<<<<
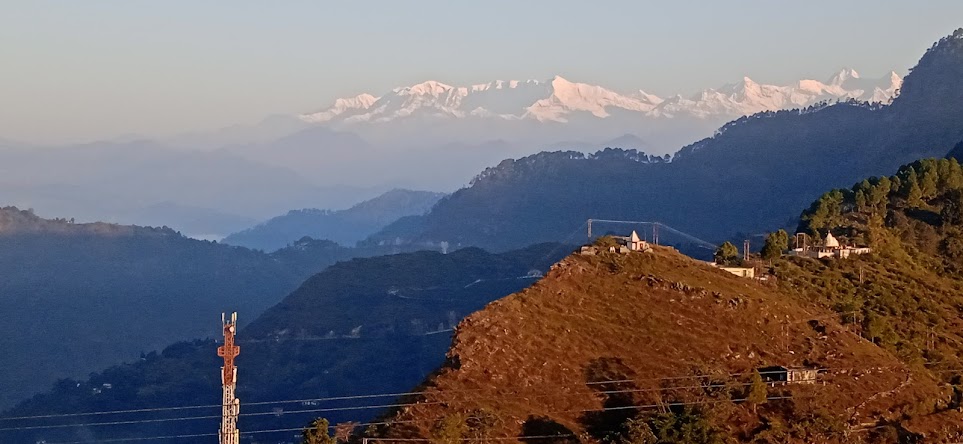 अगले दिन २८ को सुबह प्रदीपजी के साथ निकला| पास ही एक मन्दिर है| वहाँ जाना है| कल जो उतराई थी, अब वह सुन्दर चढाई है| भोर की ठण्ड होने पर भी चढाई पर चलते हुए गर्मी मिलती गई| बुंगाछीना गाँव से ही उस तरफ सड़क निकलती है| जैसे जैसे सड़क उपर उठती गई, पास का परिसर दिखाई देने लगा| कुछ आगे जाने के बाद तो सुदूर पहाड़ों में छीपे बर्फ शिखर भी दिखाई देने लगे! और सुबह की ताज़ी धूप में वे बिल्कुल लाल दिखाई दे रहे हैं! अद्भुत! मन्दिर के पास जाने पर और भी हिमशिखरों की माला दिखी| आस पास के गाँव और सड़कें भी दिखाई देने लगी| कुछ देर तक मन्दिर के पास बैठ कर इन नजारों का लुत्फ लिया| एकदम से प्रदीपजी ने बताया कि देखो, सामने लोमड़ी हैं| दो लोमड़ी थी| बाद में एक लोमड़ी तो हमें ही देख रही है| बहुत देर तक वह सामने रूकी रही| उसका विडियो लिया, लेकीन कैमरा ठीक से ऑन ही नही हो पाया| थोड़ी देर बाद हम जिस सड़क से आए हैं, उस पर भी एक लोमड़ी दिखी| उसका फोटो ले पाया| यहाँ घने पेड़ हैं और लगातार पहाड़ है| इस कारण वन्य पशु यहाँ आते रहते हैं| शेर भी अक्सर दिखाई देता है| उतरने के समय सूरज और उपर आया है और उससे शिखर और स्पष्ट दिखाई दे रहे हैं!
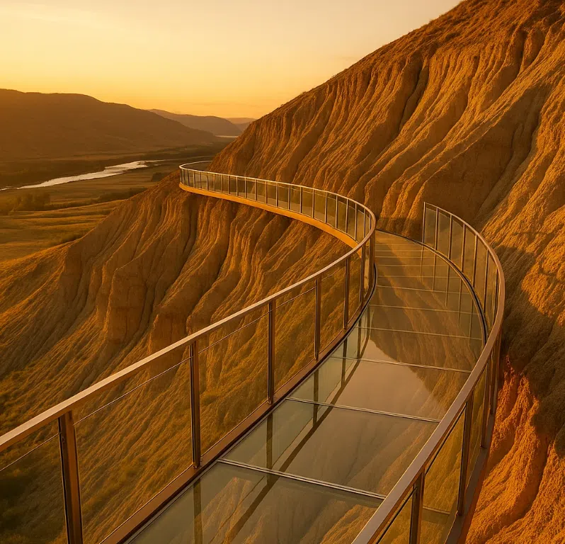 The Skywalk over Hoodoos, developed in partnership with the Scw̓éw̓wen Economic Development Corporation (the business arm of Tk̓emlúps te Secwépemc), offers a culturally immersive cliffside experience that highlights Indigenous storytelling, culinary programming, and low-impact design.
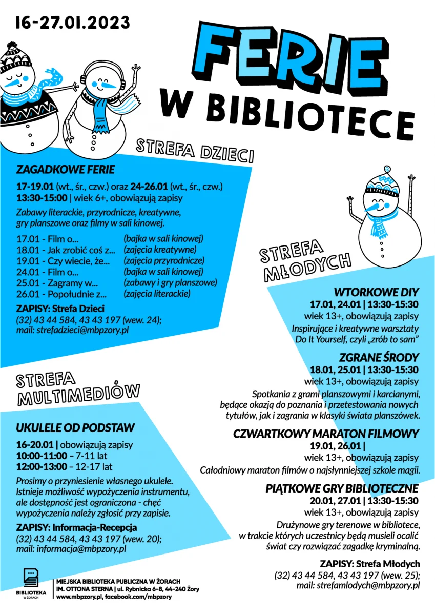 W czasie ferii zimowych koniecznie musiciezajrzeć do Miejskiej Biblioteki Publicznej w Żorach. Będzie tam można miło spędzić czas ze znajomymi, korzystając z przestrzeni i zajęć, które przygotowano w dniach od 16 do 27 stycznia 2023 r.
>>>>
*What you are asked to do*
All that is wanted is each line, word for word, from the first line of the data to the one holding "The Skywalk over", with the pictures left out.

*Your solution*
 अगले दिन २८ को सुबह प्रदीपजी के साथ निकला| पास ही एक मन्दिर है| वहाँ जाना है| कल जो उतराई थी, अब वह सुन्दर चढाई है| भोर की ठण्ड होने पर भी चढाई पर चलते हुए गर्मी मिलती गई| बुंगाछीना गाँव से ही उस तरफ सड़क निकलती है| जैसे जैसे सड़क उपर उठती गई, पास का परिसर दिखाई देने लगा| कुछ आगे जाने के बाद तो सुदूर पहाड़ों में छीपे बर्फ शिखर भी दिखाई देने लगे! और सुबह की ताज़ी धूप में वे बिल्कुल लाल दिखाई दे रहे हैं! अद्भुत! मन्दिर के पास जाने पर और भी हिमशिखरों की माला दिखी| आस पास के गाँव और सड़कें भी दिखाई देने लगी| कुछ देर तक मन्दिर के पास बैठ कर इन नजारों का लुत्फ लिया| एकदम से प्रदीपजी ने बताया कि देखो, सामने लोमड़ी हैं| दो लोमड़ी थी| बाद में एक लोमड़ी तो हमें ही देख रही है| बहुत देर तक वह सामने रूकी रही| उसका विडियो लिया, लेकीन कैमरा ठीक से ऑन ही नही हो पाया| थोड़ी देर बाद हम जिस सड़क से आए हैं, उस पर भी एक लोमड़ी दिखी| उसका फोटो ले पाया| यहाँ घने पेड़ हैं और लगातार पहाड़ है| इस कारण वन्य पशु यहाँ आते रहते हैं| शेर भी अक्सर दिखाई देता है| उतरने के समय सूरज और उपर आया है और उससे शिखर और स्पष्ट दिखाई दे रहे हैं!
 The Skywalk over Hoodoos, developed in partnership with the Scw̓éw̓wen Economic Development Corporation (the business arm of Tk̓emlúps te Secwépemc), offers a culturally immersive cliffside experience that highlights Indigenous storytelling, culinary programming, and low-impact design.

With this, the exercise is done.